O si pò o nun si pò,
lu cappiddruzzu pi san Calò;
lu cappiddruzzu ca vinninu* a tutti,
a lu me figliu lu miegliu di tutti
Si può fare o meno,
(si deve comprare)
il cappellino per la festa di San Calogero:
il cappellino che vendono a tutti,
a mio figlio (comprerò) il migliore.
dal minuto 6:02 al minuto 6:27
Se non troppo piccoli avrebbero compreso che si faceva loro una promessa: l'acquisto di un cappellino per la festa di San Calogero: i versi di Calamonaci probabilmente facevano riferimento ai festeggiamenti del san Calogero della vicina Sciacca ma certi costumi erano comuni anche a prescindere dal santo o dalla località.
Il cappellino, dunque, solitamente era una paglietta che veniva usata per ripararsi dal sole nei cocenti mesi estivi quando i ragazzi venivano impiegati per incombenze lavorative in paese o in campagna spesso faticose e ingrate.
Ma per la festa di San Calogero i pellegrini che dai diversi paesi limitrofi facevano il devozionale "viaggio" a piedi, con i muli o con i carretti, si acquistavano anche statuine del Santo nero, piccoli fiaschi detti nzira e bummuliddri, giocattoli artigianali e magari dolci o addirittura utensili e strumenti di lavoro nelle varie bancarelle dell'apposita fiera.
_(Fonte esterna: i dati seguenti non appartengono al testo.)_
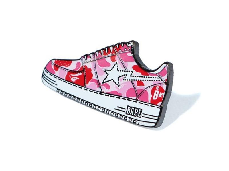 Значок BAPE ABC Camo Bapesta Pintrill Pin Pink выполнен из высококачественного материала в розовом цвете. Появились значки BAPESTA в форме кроссовок, с фирменным розовым камуфляжем! Он выполнен в дизайне, который чувствует вкус бренда и притягивает взгляд в качестве акцента.
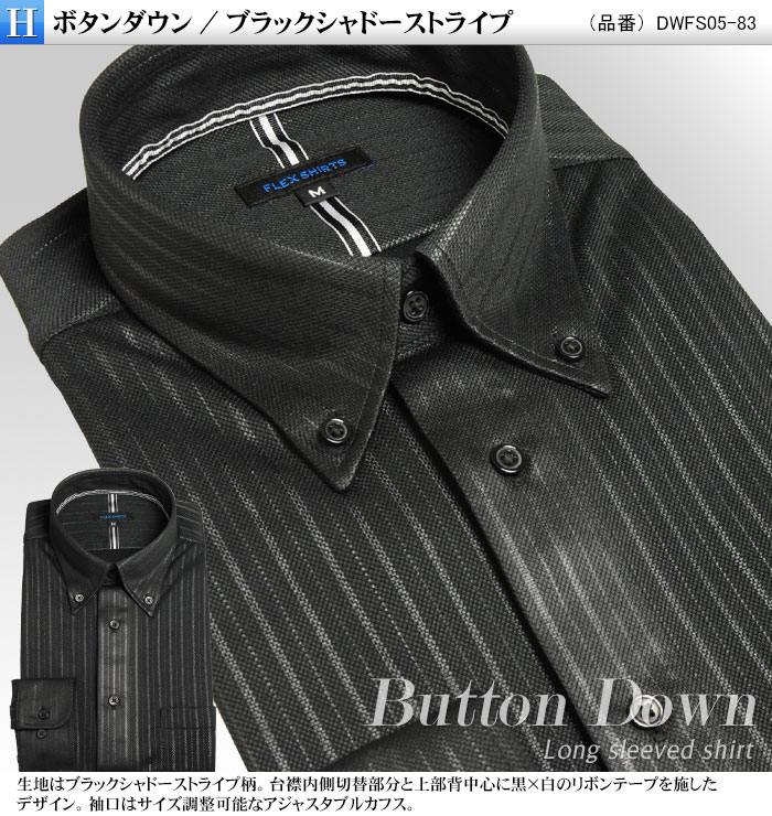 H:ボタンダウン・ブラックシャドーストライプ(リボンテープ付)

Altro che addormentarsi con la ninna nanna! Quei pochissimi versi, dilatati come eco dalla voce e dalle sonorità dei fratelli Macuso, son capaci di tirarsi dietro gallerie di ricordi, dai meno ai più recenti, fino ad arrivare a prosastici confronti.
Col tempo i muli e i carretti sono stati sostituiti dalle macchine a noleggio o proprie, facendo diradare la pratica del devozionale "viaggio" a piedi; agli antichi prodotti artigianali delle bancarelle si sono aggiunti quelli moderni e modernissimi, ma nella struttura fondamentale, che storici francesi hanno identificato con "lunga durata", quella del 18 giugno nel panorama delle feste agrigentine resta sempre la festa di San Calò. O si pò o nun si pò...
*
Nel testo cantato mi pare venga utilizzato il verbo "appenniri" nella frase "lu cappiddruzzu c'appenninu a tutti" nel senso, credo, di "far provare", "indossare", "calzare".
Ho preferito il verbo che fa riferimento all'acquisto e quindi al possesso piuttosto che all'estetica perché più logicamente conseguente alla preliminare condizione economicistica: "o si po o nun si po". Sa di sfida: nell'aleatorietà dei mezzi aspirare al meglio, per rabbia o convinzione.